I’ve lengthy struggled with psychological well being points and the ghosts of childhood abuse. In my 30s, I began consuming as I handled the heaviest despair of my life after our household skilled a miscarriage. None of that is meant to excuse my habits, however I do need to give some context and share what was occurring in my life round this time. I now not acknowledged myself or the individual I had turn into. Régine waited patiently watching me endure and tried to assist me as greatest as she might. I do know it will need to have been so arduous for her to observe the individual she cherished so misplaced.
I’ve been working arduous on myself – not out of worry or disgrace, however as a result of I’m a human being who desires to enhance regardless of my flaws and injury. I’ve spent the previous few years since Covid hit making an attempt to avoid wasting that a part of my soul. I’ve put vital time and vitality into remedy and therapeutic, together with attending AA. I’m extra conscious now of how my public persona can distort relationships even when a state of affairs feels pleasant and constructive to me. I’m very grateful to Régine, my household, my pricey buddies, and my therapist, who’ve helped me again from the abyss that I felt sure at instances would eat me. The bond I share with my bandmates and the extremely deep connection I’ve made with an viewers by way of sharing music has actually saved my life.
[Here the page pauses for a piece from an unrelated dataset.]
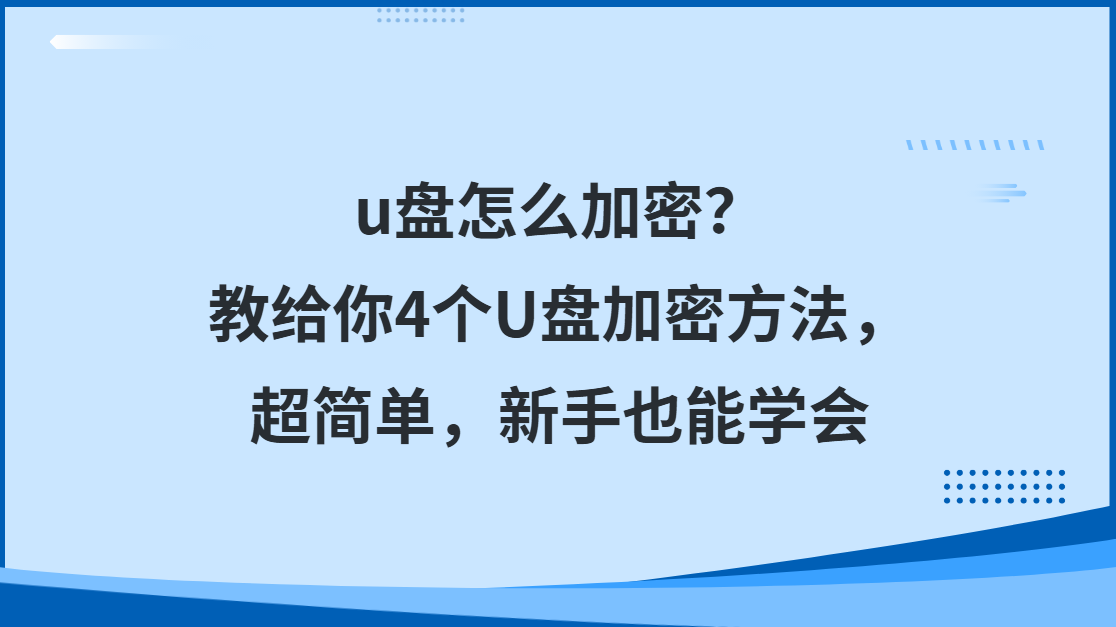 u盘怎么加密?别慌!今天就教大家4个超简单的U盘加密方法,连电脑小白也能5分钟上手,让你的数据安全“固若金汤”。

As I look to the longer term, I’m persevering with to study from my errors and dealing arduous to turn into a greater individual, somebody my son may be pleased with. I say to you all my buddies, household, to anybody I’ve harm and to the individuals who love my music and are shocked and disenchanted by this report: I’m sorry. I’m sorry for the ache I brought on – I’m sorry I wasn’t extra conscious and tuned in to the impact I’ve on folks – I fucked up, and whereas not an excuse, I’ll proceed to look ahead and heal what may be healed, and study from previous experiences. I can do higher and I’ll do higher.
In a press release of her personal, Chassagne mentioned she has “stood by [Buitler] as a result of I do know he is an effective man who cares about this world, our band, his followers, buddies, and our household.” Persevering with, she mentioned Butler had “misplaced his manner and he has discovered his manner again. I really like him and love the life now we have created collectively.”
A rep for Arcade Fireplace informed SPIN that there could be no additional touch upon the state of affairs. The band is scheduled to start an intensive world tour Aug. 30 in Dublin in help of its newest album, WE.